With over 70 different lasers on the market for hair removal, intricate understanding of physiology, medical factors, and laser physics is crucial in performing procedures.  Because lasers offer many different choices and settings for wavelength, pulse duration, fluence, and spot size, an experienced and highly trained physician at Cosmetic Laser Solutions performs all procedures.


Since a high level of heat is necessary to destroy the hair follicle, there are cooling mechanisms in lasers to prevent damage to the surrounding tissue.  If a chromophore, such as melanin, is heated beyond its capacity, the heat may diffuse into the surrounding structures and severe burns or pigment changes may result.  Cooling mechanisms not only prevent damage to the skin and its structures, but also provide for a more comfortable treatment experience with lower levels of pain and swelling while allowing the skin to be treated at higher levels for maximum results. There are several different types of cooling mechanisms that may be used with lasers.

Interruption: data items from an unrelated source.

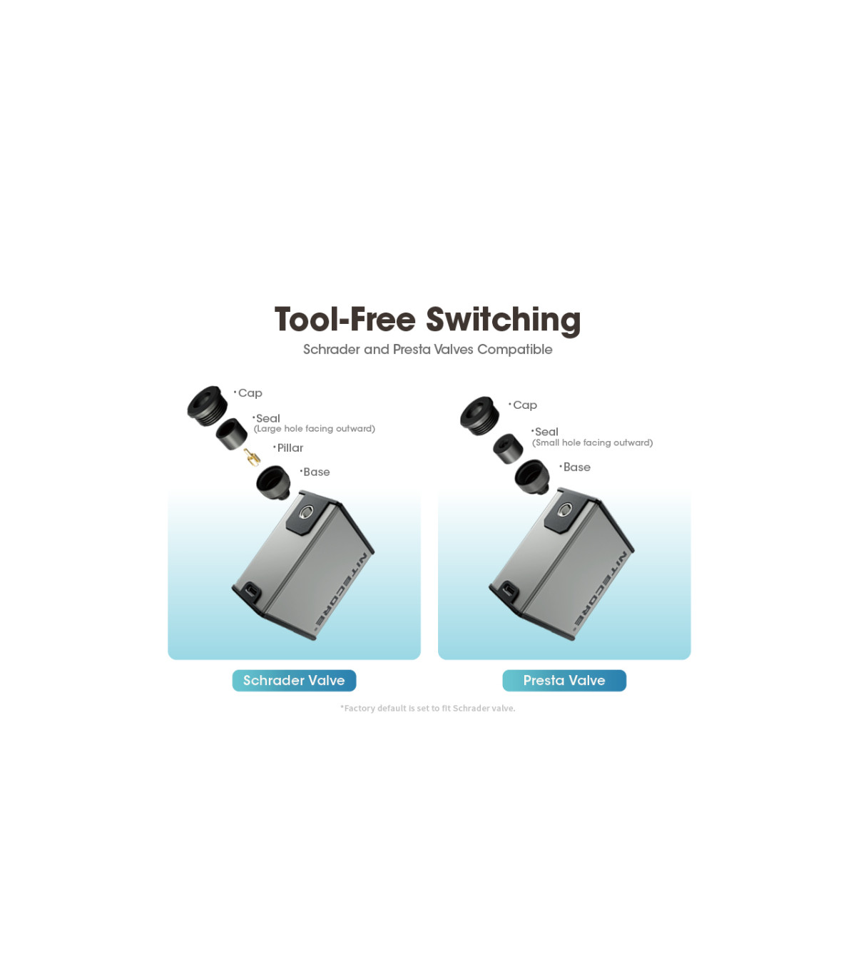 *Η εργοστασιακή προεπιλογή είναι ρυθμισμένη ώστε να ταιριάζει στη βαλβίδα Schrader.
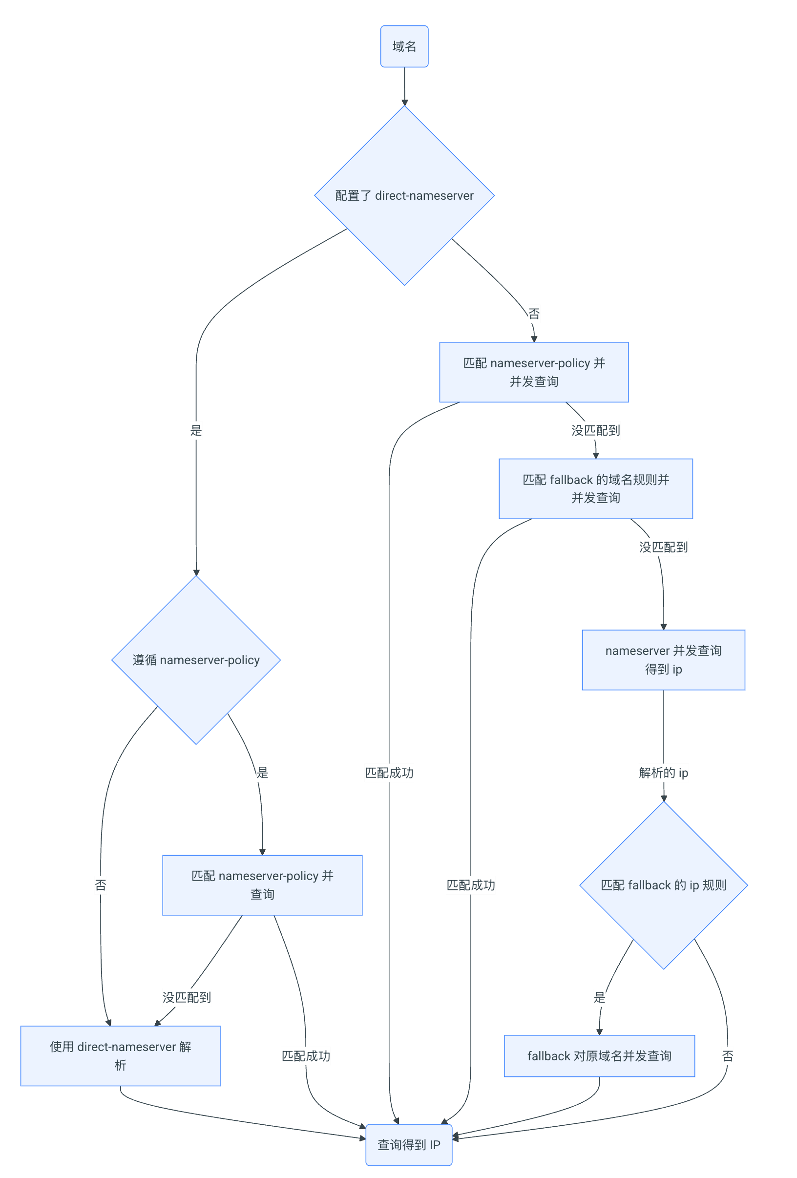 • 若解析结果为 国内 IP(geoip: CN),则使用 nameserver。
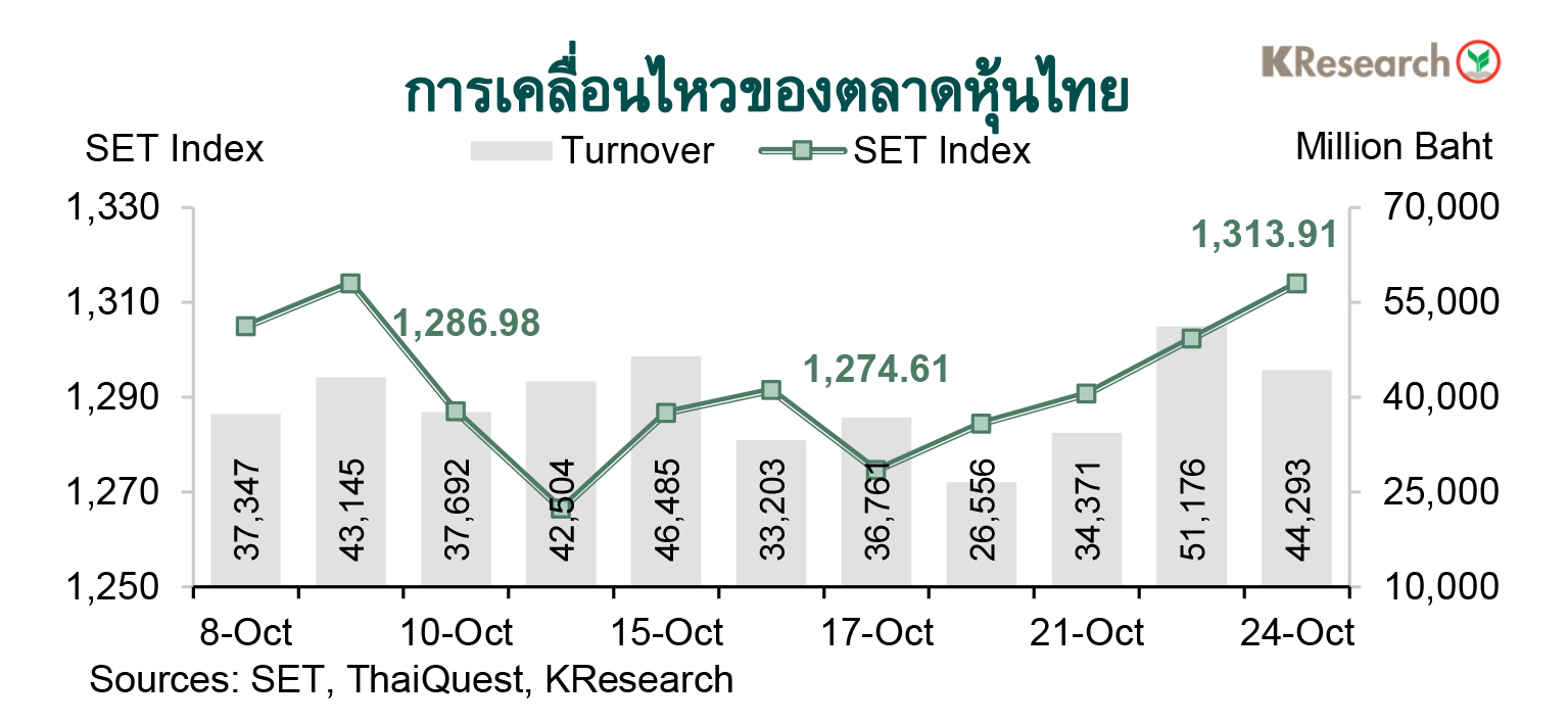 ตลาดหุ้นไทยยังมีแรงหนุนต่อเนื่อง โดยกลับมายืนเหนือแนว 1,300 จุดได้อีกครั้งช่วงกลางสัปดาห์ท่ามกลางแรงซื้อของกลุ่มนักลงทุนต่างชาติและบัญชีบริษัทหลักทรัพย์ นำโดย หุ้นกลุ่มแบงก์ที่รายงานผลประกอบการไตรมาส 3/2568 ออกมาดีกว่าคาด กลุ่มเทคโนโลยีจากการคาดการณ์เรื่องผลประกอบการไตรมาส 3/2568 รวมถึงหุ้นกลุ่มพลังงานจากอานิสงส์ของราคาน้ำมันในตลาดโลกปรับตัวขึ้น นอกจากนี้รายงานข่าวเกี่ยวกับการเปิดการเจรจาการค้ารอบใหม่ระหว่างสหรัฐฯ และจีน ช่วยหนุนให้ดัชนีหุ้นไทยขึ้นไปแตะจุดสูงสุดในรอบเกือบ 9 เดือนที่ระดับ 1,319.76 จุดในช่วงท้ายสัปดาห์ด้วยเช่นกัน
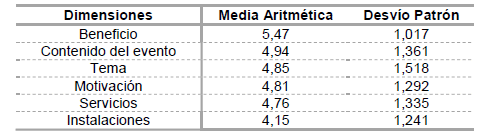 Así, se buscó analizar primeramente las dimensiones que forman parte de la construcción de la imagen de un evento. Pudiendo a través de este análisis identificar las dimensiones que más interfieren en la imagen (Tabla 1).
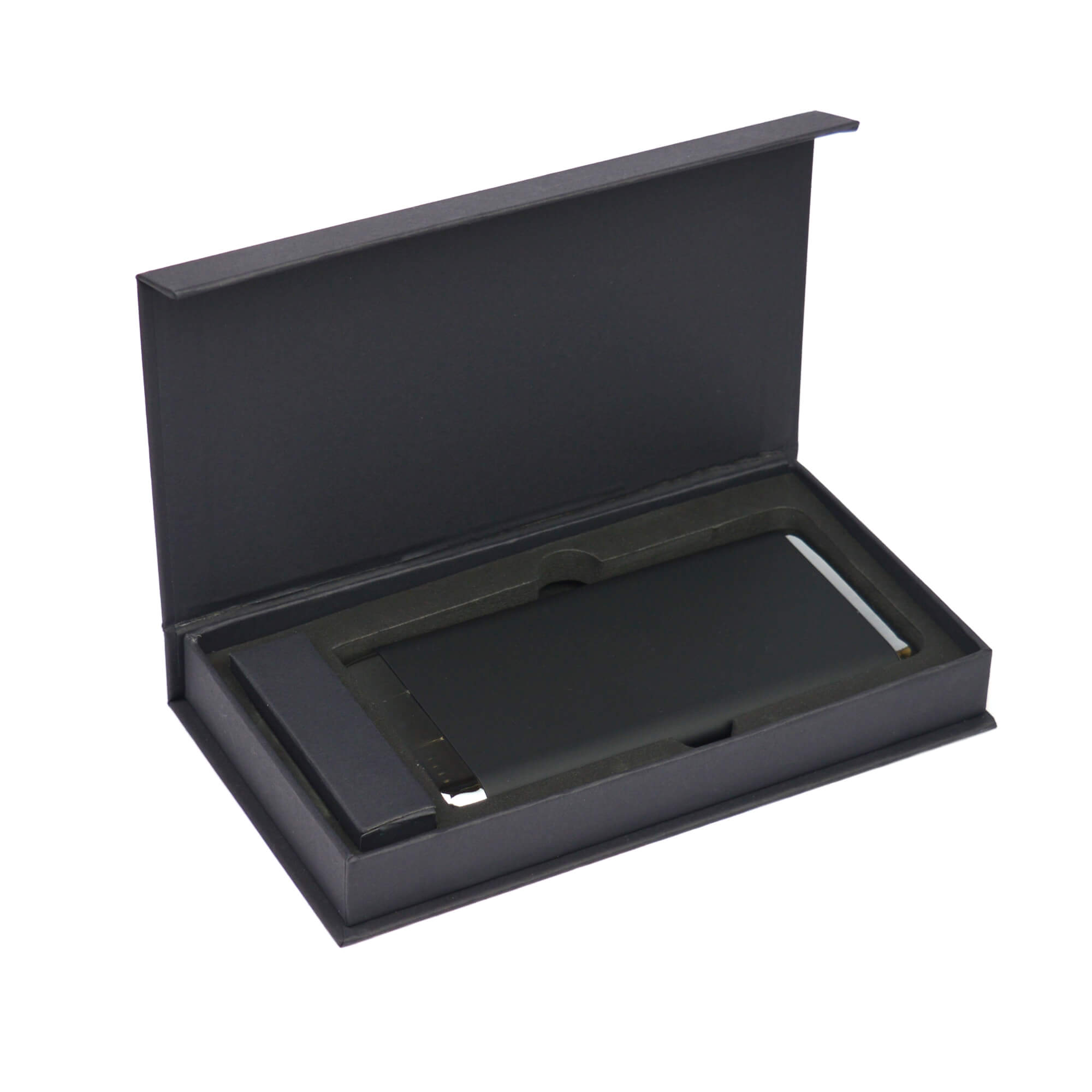 A LED power bank made from rubberised ABS plastic available in 5000 mAh and 10000 mAh capacity. The power bank is supplied in a black presentation box.

Cryogen spray is a widely used method that delivers a cooling spray before and/or after every laser pulse.  It is consistently very effective and easy to use, but the cryogen may be expensive.  It is also possible to freeze or blister the skin if too much is used (cryogen is between -30 and -50° C), and it is even possible for it to hinder the effects of treatment if not used properly.

Air cooling is also an effective method of cooling, but requires a very large stand-alone machine, whereas cryogen may be built into the laser.  Air cooling can be somewhat less consistent in the amount of cooling with each laser pulse.

Contact cooling is effective, but requires a very experienced operator and can be difficult to use.  It consists of a cold, gliding hand-piece used over a gel.

Cooling gels, the least effective cooling mechanisms, are applied before and/or after treatment, and only provide short-term effectiveness.  They are messy to use and can easily be applied unevenly, therefore leading to inadequate cooling of the tissue.

Most lasers use contact, cryogen, or air cooling since these mechanisms offer minimal adverse effects with more consistent results.  Some of the mechanisms are much more difficult to use and require an experienced physician.  Dr. Goldboss has performed over 10,000 laser procedures and continues to perform all the procedures at Cosmetic Laser Solutions.